_REQUIRED ACTION_
Line by line, retype the material exactly and leave each picture out.
··· DATASET SECTION ···
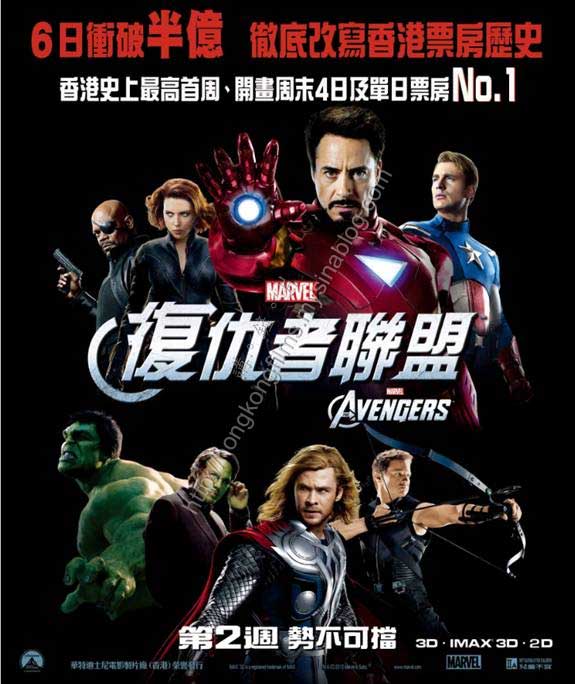 迪士尼發行的《復仇者聯盟》在勞動節後踏進平日,票房較過去六天出現較明顯的跌幅,而昨天於124院映574場,雖然仍收244萬並佔了全日票房逾三分之二,不過票房已較上周四下跌五成七,而每場人次亦跌回40水平,反映了電影的熱潮隨假期結束有所降溫,然而電影已於八天累積達5,627萬,倘若周末票房能爬升逾倍,仍有望於周日累積達至七千萬。
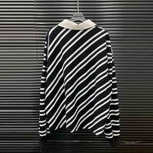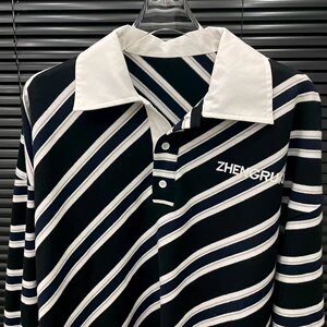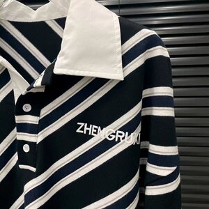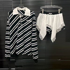 2025早秋新款斜条纹时尚套装女小众polo衫T恤+不规则短裙两件
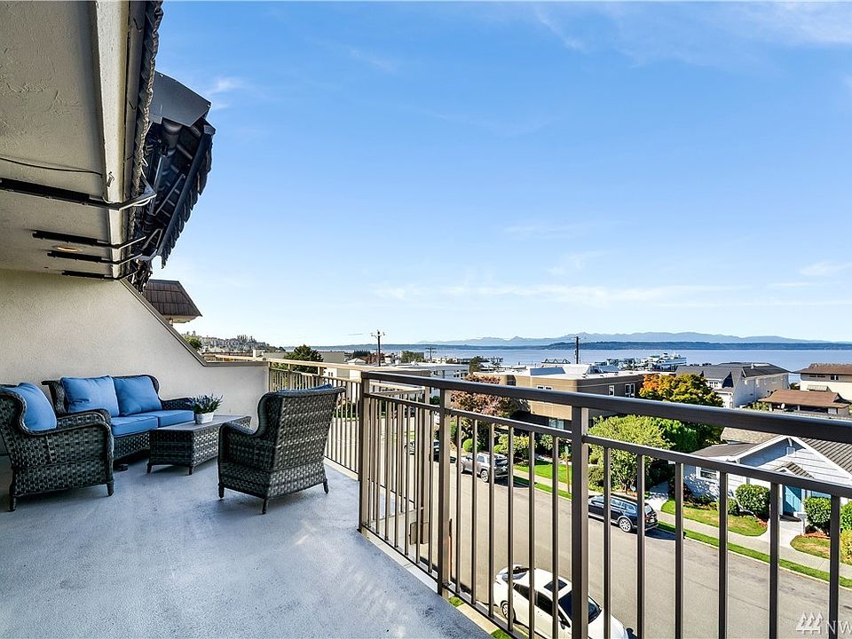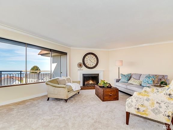 Sweeping Sound and mountain panoramic views from the open living areas & entertainment balcony await you at this rare, top floor home! Extra-large rooms thru-out including the master suite with walk-in closet. Separate laundry, lots of storage & 2 parking spaces. This 2 bdrm, 1.75 bath unit has new carpets, kitchen/laundry floors, bath vanities with quartz counters, main bath tile surround and fresh door/trim paint. A short couple of level blocks to restaurants, ferry and beaches! Age 55+ bldg
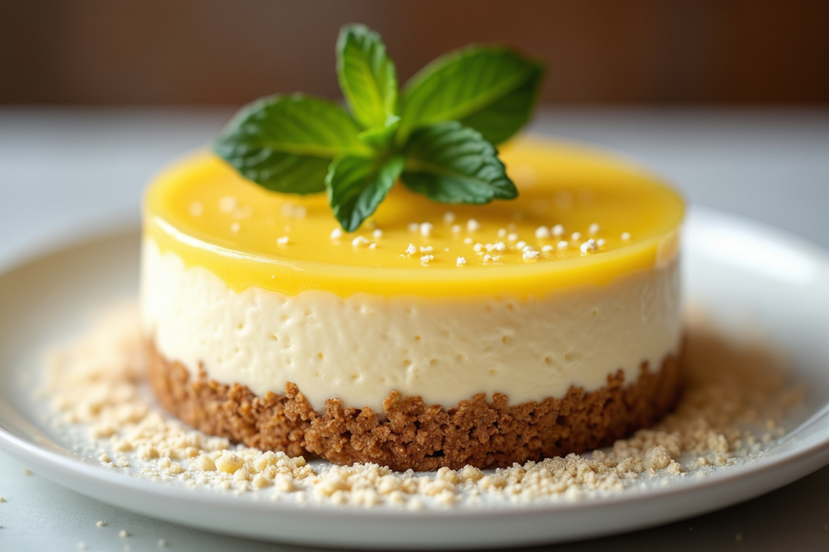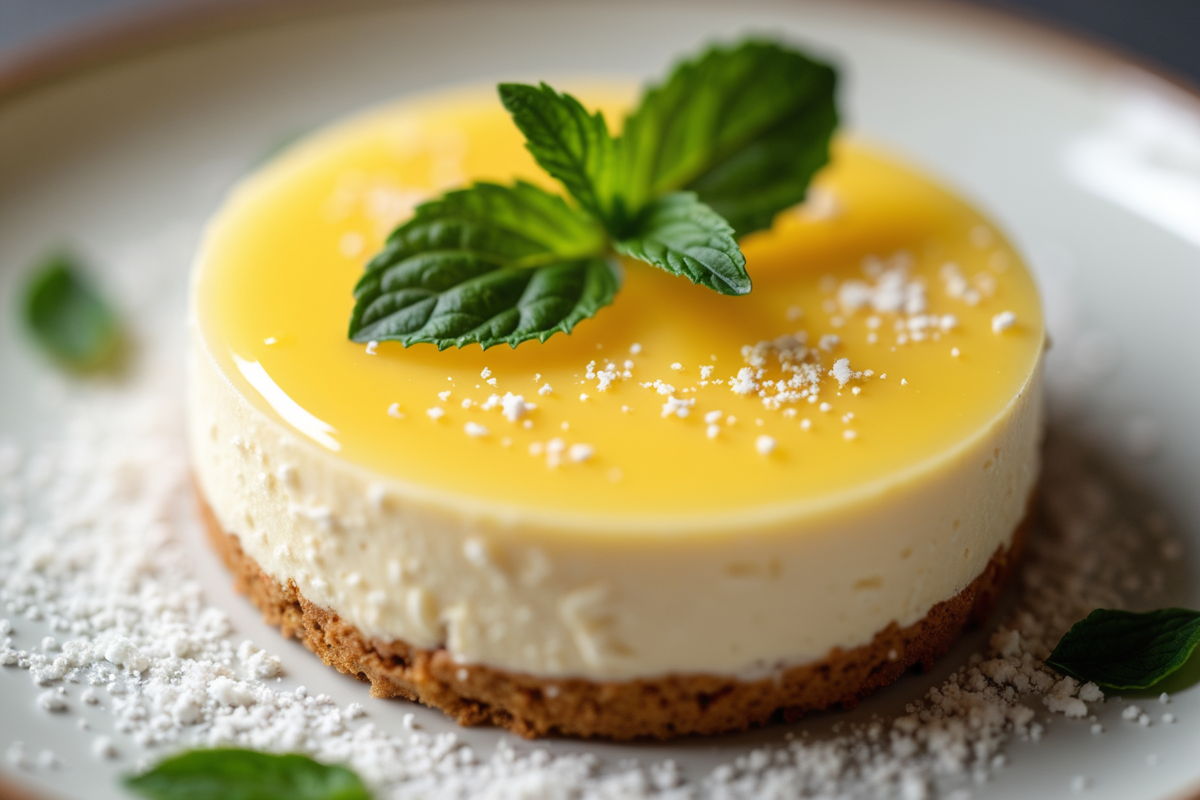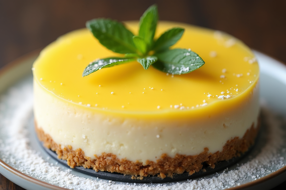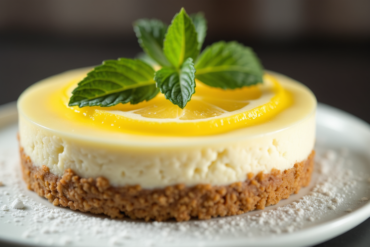 elegant dessert powdered sugar mint leaves Cheesecake global dessert graham cracker crust lemon curd
···
_ANSWER SECTION_
 迪士尼發行的《復仇者聯盟》在勞動節後踏進平日,票房較過去六天出現較明顯的跌幅,而昨天於124院映574場,雖然仍收244萬並佔了全日票房逾三分之二,不過票房已較上周四下跌五成七,而每場人次亦跌回40水平,反映了電影的熱潮隨假期結束有所降溫,然而電影已於八天累積達5,627萬,倘若周末票房能爬升逾倍,仍有望於周日累積達至七千萬。
 2025早秋新款斜条纹时尚套装女小众polo衫T恤+不规则短裙两件
 Sweeping Sound and mountain panoramic views from the open living areas & entertainment balcony await you at this rare, top floor home! Extra-large rooms thru-out including the master suite with walk-in closet. Separate laundry, lots of storage & 2 parking spaces. This 2 bdrm, 1.75 bath unit has new carpets, kitchen/laundry floors, bath vanities with quartz counters, main bath tile surround and fresh door/trim paint. A short couple of level blocks to restaurants, ferry and beaches! Age 55+ bldg
 elegant dessert powdered sugar mint leaves Cheesecake global dessert graham cracker crust lemon curd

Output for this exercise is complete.